**EXERCISE BRIEF**
Copy the records below line by line and word for word, from the very first line through the line with "Bracelet is a", omitting each picture.
Start of DATA EXCERPTS
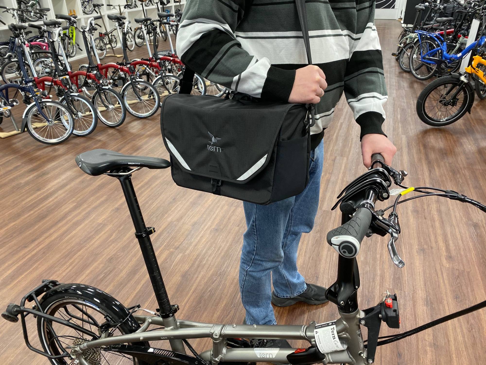 - Für die Montage am Fahrradrahmen ist eine Tern Luggage Truss™- oder Luggage Truss™ CMT-Halterung erforderlich
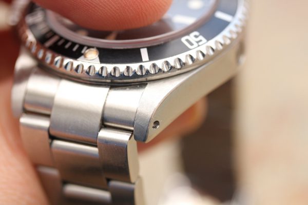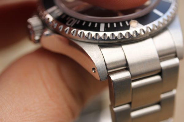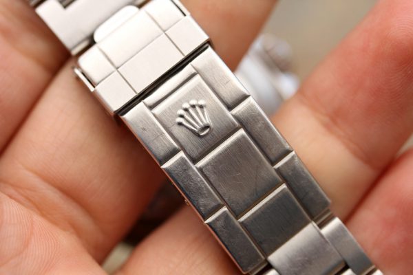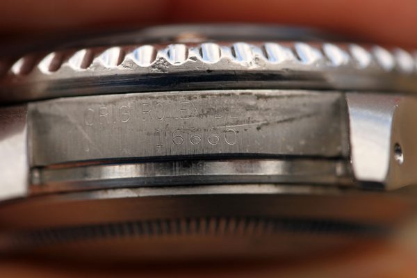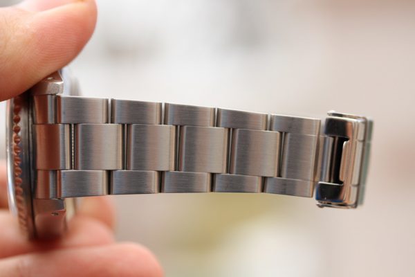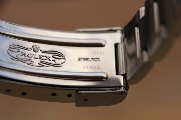 Bracelet is a Rolex 93160A in excellent condition, tight, 12 links total, SEL, diver’s extension. Date code is DT10 on clasp. Crisp coronet on outer clasp.
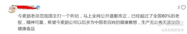 范现国掷地有声的表态,一定程度上为品牌博得了好感度,比如有网友认为“今麦郎老总范现国主打一个听劝,马上全网公开道歉改下”,“这么坚定认错改正的企业,应该给一个机会”,“……绝不是恶意欺骗 ,现在董事长站出来,做法加分……”
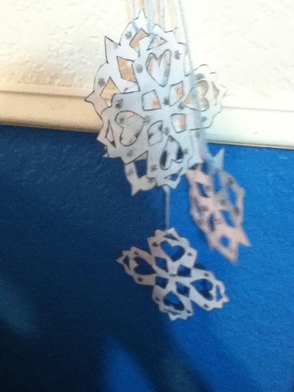 Cut a decent length of string. Cut them different lengths for each snowflake.
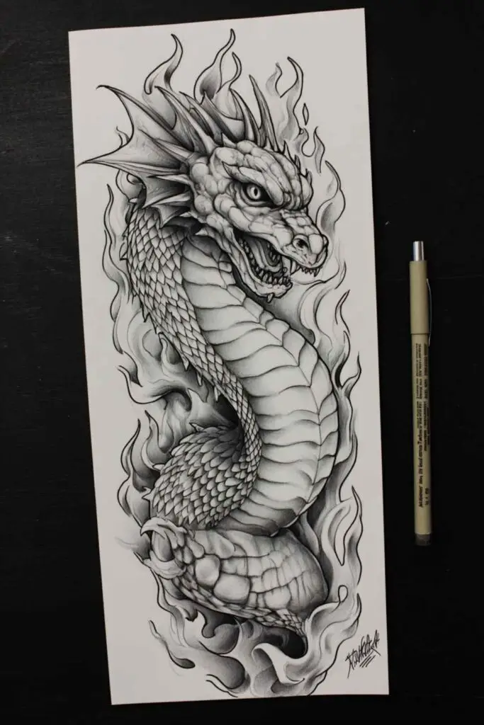 This design demands careful attention to shading and contrast to highlight the dragon’s muscular form and the glowing heat of the flames, resulting in a captivating and fierce piece of body art.
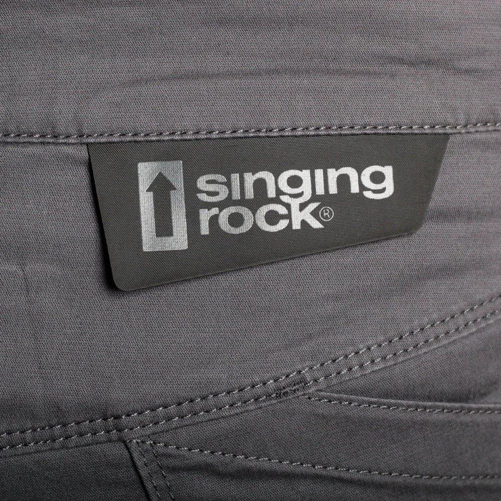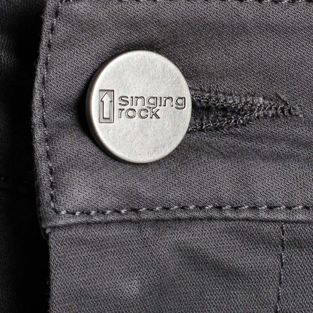 zapínání kalhot s kovovým zipem YKK a kovovým knoflíkem s logem Singing Rock
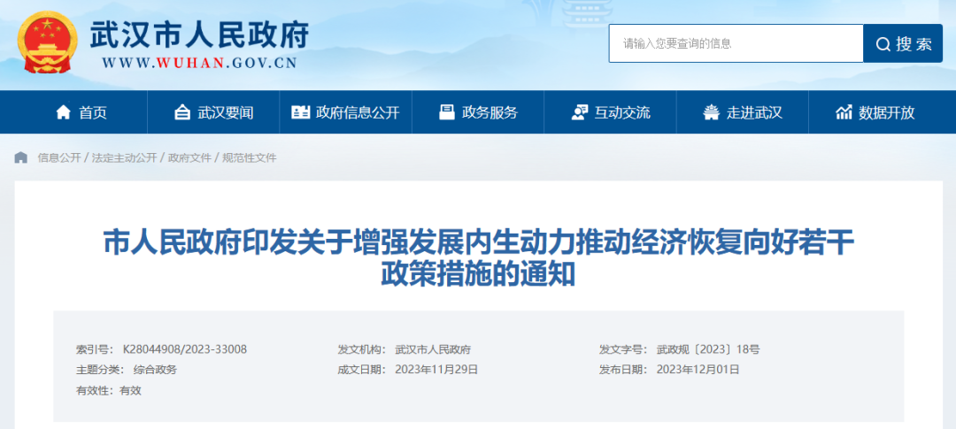 12月1日,武汉印发《关于增强发展内生动力推动经济恢复向好若干政策措施》,从八方面提出25条措施。
End of DATA EXCERPTS
**WRITTEN SOLUTION**
 - Für die Montage am Fahrradrahmen ist eine Tern Luggage Truss™- oder Luggage Truss™ CMT-Halterung erforderlich
 Bracelet is a Rolex 93160A in excellent condition, tight, 12 links total, SEL, diver’s extension. Date code is DT10 on clasp. Crisp coronet on outer clasp.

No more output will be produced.